Add garden beauty all summer
Roses have long been Americans’ favorite landscape plant, but many of these lovely flowers require a lot of work to keep the plants disease and insect free. All that has changed with incredible breeding breakthroughs in shrub and landscape roses.
These are strong performing plants that work hard with minimal care even in the dead of summer, when landscape duties are the last thing on your mind. A spring trim, an annual application of fertilizer and a good soaking when the weather is dry are all the maintenance duties needed for these stunning bloomers.
These roses are readily available in containers at garden centers and can be planted any time. They also can be used in containers during the summer. At the end of the season, transplant the roses to the ground for enjoyment in the landscape next year.
Planting and growing landscape roses
Here are some tips for growing these terrific landscape roses in your garden.
- Roses do best in full sun (six or more hours of sun a day), in well-drained, organically rich soil. Some tolerate part sun (four hours of sun a day), so read the tag that comes with the plant for more guidance.
- Roses do best when planted in a well-prepared site. Dig the hole about two times wider that your plant’s root ball, but about the same height.
- Into the soil dug from the hole, add several shovelsful of compost, rotted manure, peat humus or other organic matter.
- Remove the rose from its nursery pot and set the plant in the hole. Set the plant so that it will be about the same depth in the soil as it was in the pot. It’s better to plant it a little high than too deep. Back fill with the amended soil from the hole.
- Apply a slow-release rose fertilizer on the soil around the base of the plant. Read and follow label directions.
- Water well.
- Apply about 2 inches of mulch around the plant, keeping the mulch 2 or 3 inches away from the base of the rose.
- One way to ensure continuous blooms is to make sure the rose is watered when it gets dry. Water when the top inch of soil feels dry to the touch.
- Pruning during the growing season usually isn’t necessary, nor is removing the spent flowers (called deadheading). In early spring, cut back the plant to one-half its size.
- Fertilize with a slow-release product made for roses when you cut it back in spring. A second application in midsummer is optional. Read and follow the label directions.
- These roses are extremely cold hardy and do not normally require extra mulch or other protection during the winter.
- Almost all of these improved landscape or shrub roses are extremely disease and insect resistant, which means they usually do not require maintenance spraying for these pests.
Low maintenance roses for your garden
Here is a selection of three award-winning, low-maintenance roses:
- Knockout™ blooms all summer, has lovely reddish foliage, doesn’t require deadheading and, in winter, displays showy rose hips, a berrylike fruit. An All-America Rose Selection winner, Knockout is slightly fragrant and comes in red, pink and blush. The plant gets 3 to 4 feet tall and wide. The branches can be cut for indoor arrangements.

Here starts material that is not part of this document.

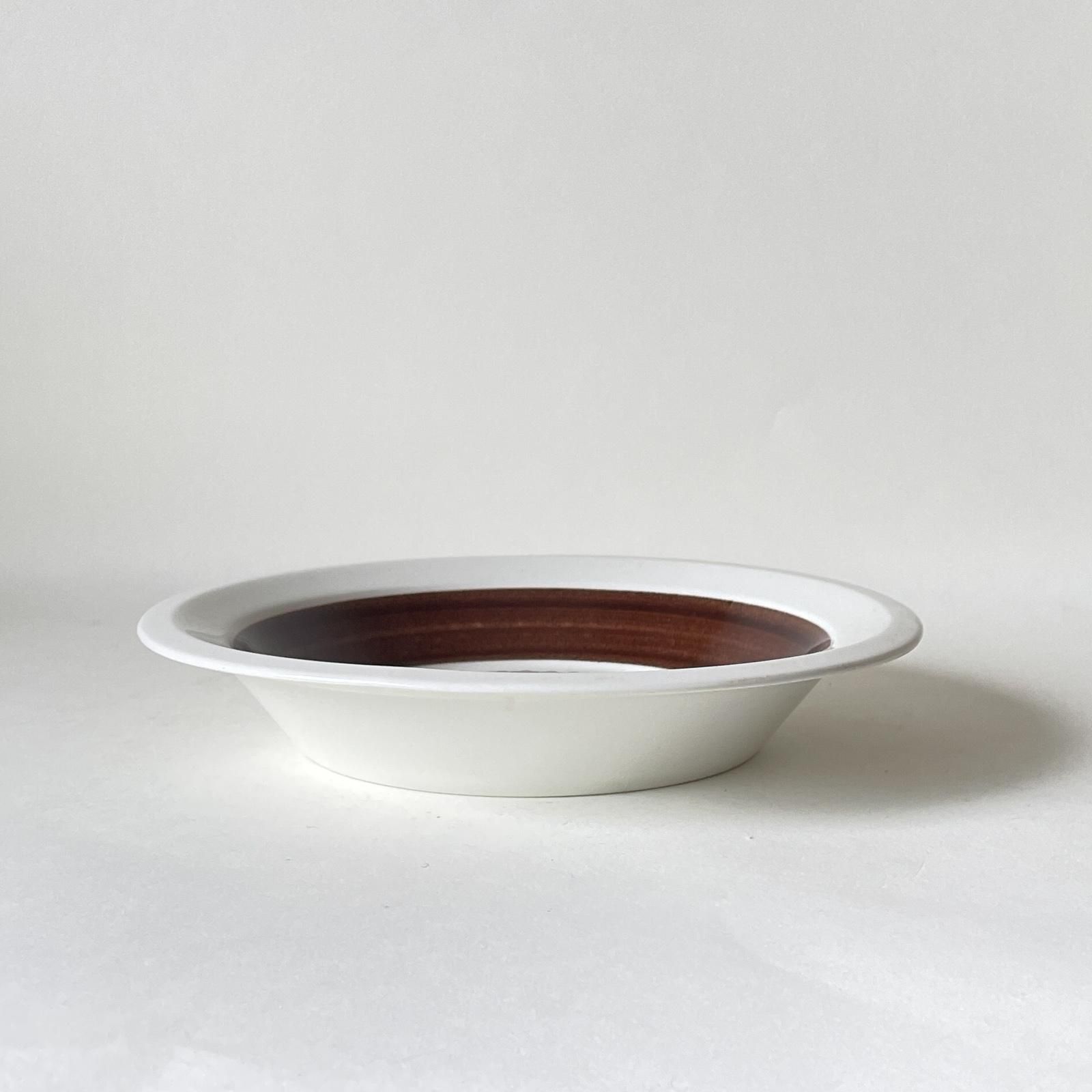 ARABIA社製の FAENZA | ファエンツァ シリーズのスープボウルです。濃いブラウンの幅広いふちどりと小花柄がぎゅっと重なり合った模様は、このシリーズの中でも人気の柄です。この図柄をデザインしたのは、INKERI SEPPARA | インケリ・セッパラ で、製造されていたのは1973年-1979年の6年間という短い期間でした。

- Flower Carpet™ roses were one of the first roses marketed as groundcovers. These all-summer bloomers get 18 to 24 inches tall and wide and come in red, white, yellow, pink, apple blossom and coral. Several of these have dense clusters of semi-double flowers. Most can be cut for indoor arrangements. This is the top-selling landscape rose in the country.
- The Lady Elsie May™ rose has a coral, semi-double, slightly fragrant flower on a shrub that gets about 3 feet tall and wide. Another All-America Rose Selection winner, the stems are long enough for cutting for indoor arrangements.